Iron controls glucose and glutamine metabolism in CD4 T cells. (A) Sorted naive CD4 T cells from WT and KO mice were activated for 3 d and compared for 2-NBDG uptake (Left) and expression of Glut1 (n = 4). (B) Sorted naive CD4 T cells were activated for 1 d and subjected to the Seahorse assay. The representative graph on the Left side shows ECAR using the glycolytic stress test from unstimulated (D0) and stimulated cells (D1).
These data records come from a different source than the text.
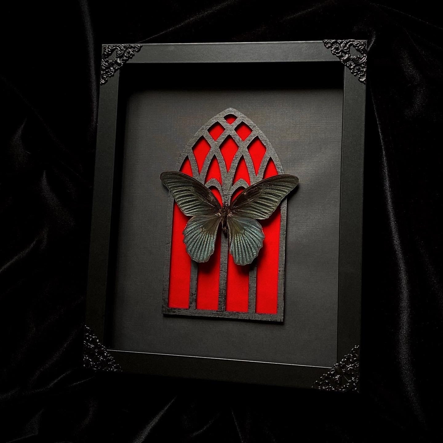 This listing includes a real Great Mormon Butterfly mounted on a Gothic Cathedral Arch with a red and black background in an 8x10 shadow box frame with black painted filigree corners.
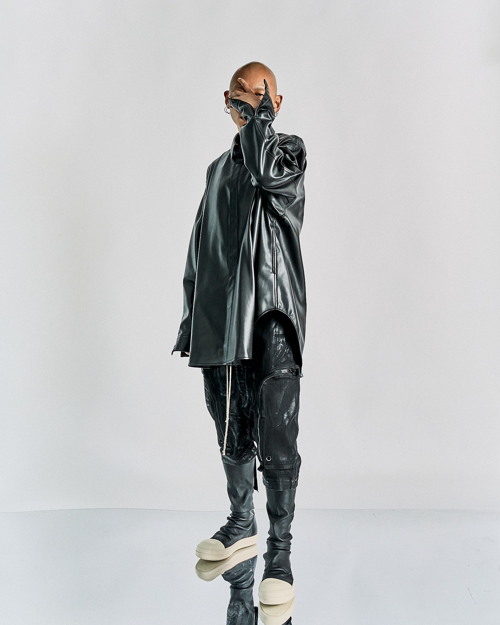 Materials _ Shell: Synthetic polyurethane leather. Lining: Cupro. Sleeve lining: 55% Cupro, 45% Cotton
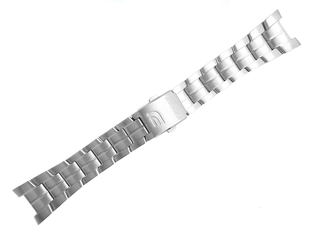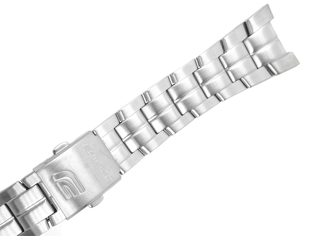 Oryginalna bransoleta do zegarka marki Casio Edifice EF-126D, wykonana ze stali nierdzewnej w kolorze srebrnym, na zapięciu wybity napis i logo Edifice.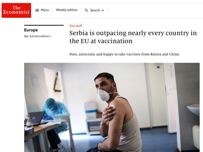 Економист наводи да је Србија по спровођењу вакцинације међу најбржима у свету, а по укупном броју датих доза трећа у Европи и да су по бесплатне вакцине у Србију дошле и хиљаде Босанаца, Македонаца и Црногораца.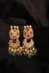 A crescent-shaped section sparkles with a line of clear stones, enhancing the earrings' luminosity. The piece is finished with a fringe of pearls and green stones which bring movement and richness to the overall look.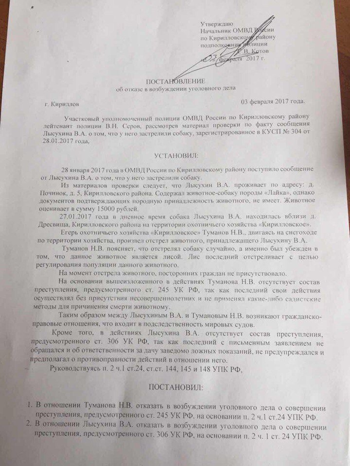 27 января 2017 года, егерь охотничьего хозяйства "Кирилловское" Туманов Н.В. застрелил собаку Лысухина В.А. Позже, он дает объяснение, дескать, думал что это лиса, и дело закрывается.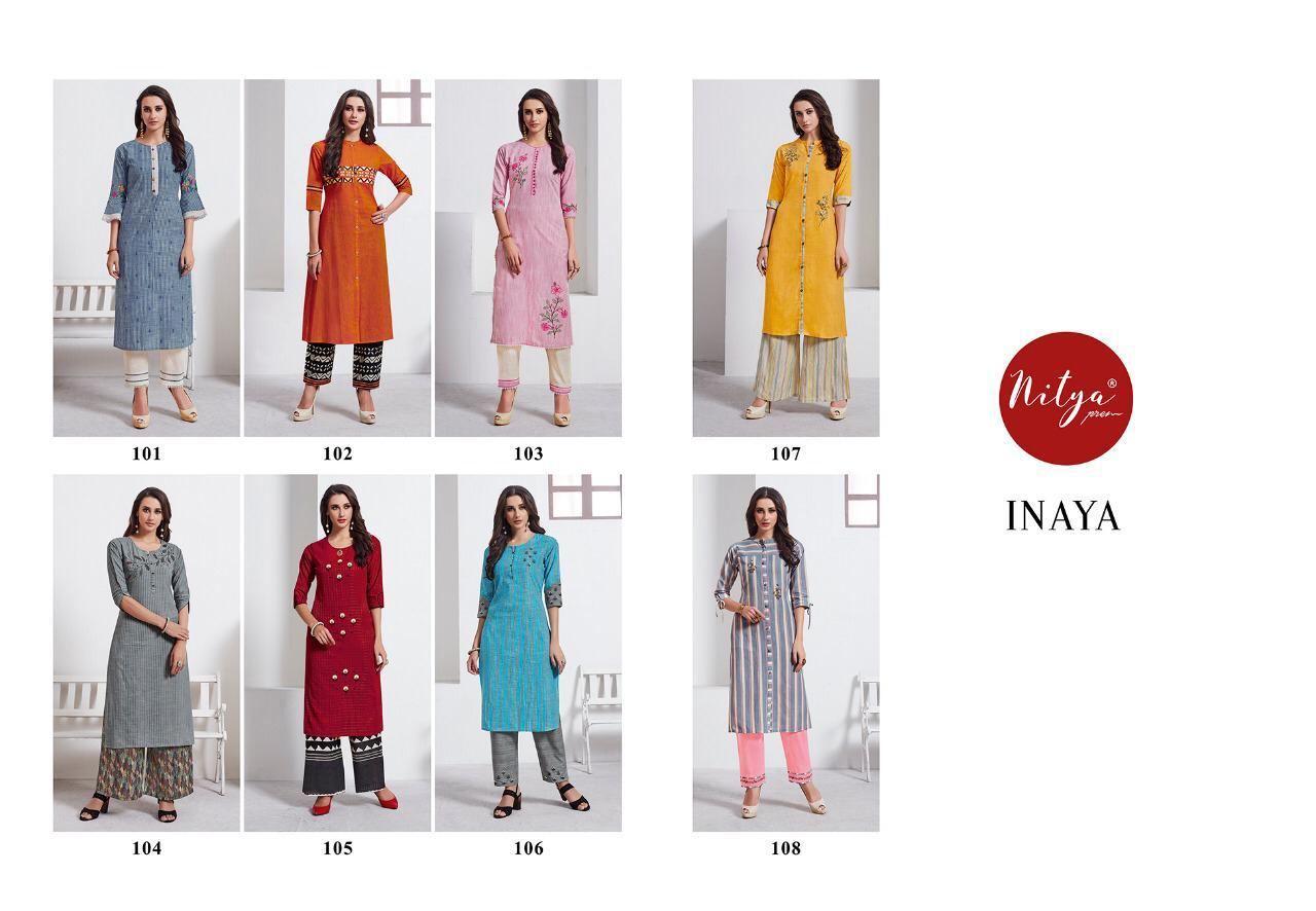 Buy Online Lt Nitya Inaya Kurtis With Bottom Wholesale Supplier And Dealer Surat 8 Pcs of Full Catalogue at Wholesale Price. Looking for Lt Nitya Inaya Kurtis With Bottom Wholesale Supplier And Dealer Surat Full Catalouge at Best Price? Buy Now Lt Nitya Inaya Kurtis With Bottom Wholesale Supplier And Dealer Surat at Wholesale Rate of Rs 7200 with Total 8 Pcs from authroized dealer and supplier of LT FABRICS Brand. Cost of Each piece is just only Rs 900 which is very low and affordable price to resale the product in your retail store ,This is Surat based Wholesale Supplier & Dealer of LT FABRICS Brand. Click on Brand name to Know more about LT FABRICS Brand's products.Call or Whatsapp on 9898838984 for booking or enquiry

The bar graph on the Right side shows glycolytic capacity (n = 6). (C–E) Sorted naive CD4 T cells from KO mice were stimulated for 3 d in the presence of sodium-lactate. (C) The representative histograms and graph show cell proliferation (n = 4). (D) The graph shows TMRM of activated CD4 T cells with or without sodium-lactate. (E) The same cells were restimulated with PMA and ionomycin for 4 h and then analyzed for IL-2 cytokine. (F and G) Sorted naive CD4 T cells from WT and KO mice were activated with anti-CD3 and anti-CD28 antibodies for 3 d and analyzed for the indicated parameters. The graphs in (F) show the MFI of CD98 and amounts of glutamine and glutamate, αKG, and GSH levels in activated CD4 T cells (n = 3 to 4). (G) Graphs show MFI of intracellular levels of O-GlcNAc modification, ICAM-1 on the cell surface, and L-PHA levels in activated CD4 T cells (n = 3 to 4). The data are representative of at least three independent experiments. Error bars represent the mean ± SEM. *P < 0.05, **P < 0.01, ***P < 0.001, ns: not significant.

Fig. 6.

Iron overload remodels metabolic programming in naive CD4 T cells. Sorted naive CD4 T cells from WT and KO mice were activated, and metabolites were extracted from unstimulated (D0) and stimulated cells (D1). Metabolite extracts were subjected to targeted metabolomic analysis using LC–MS/MS with a reference library of 230 metabolites. (A) Heat maps show significantly different amounts of metabolites between KO and WT naive CD4 T cells at D0 (Left) and D1 (Right) (n = 3). (B) Graphs show relative levels of the indicated metabolites from glucose (Upper) and glutamine (Lower) metabolism pathways (n = 3 to 4). (C) WT and KO naive CD4 T cells were stimulated for 1 d in glucose-free RPMI containing glutamine (2 mM) and [¹³C₆]-glucose (11 mM). After 1 d of activation, cell extract was prepared and subjected to LC–MS analysis. Representative graphs show the percentage abundance of ¹³C₆-glucose-derived carbon in glycolysis (F6P, FBP, pyruvate, and lactate), TCA cycle (citrate, fumarate, and malate), glutamine metabolism (glutamate and GSH) and HBP (UDP-GlcNAc) intermediate metabolites. The error bars represent the mean ± SEM. *P < 0.05, **P < 0.01, ***P < 0.001, ns: not significant.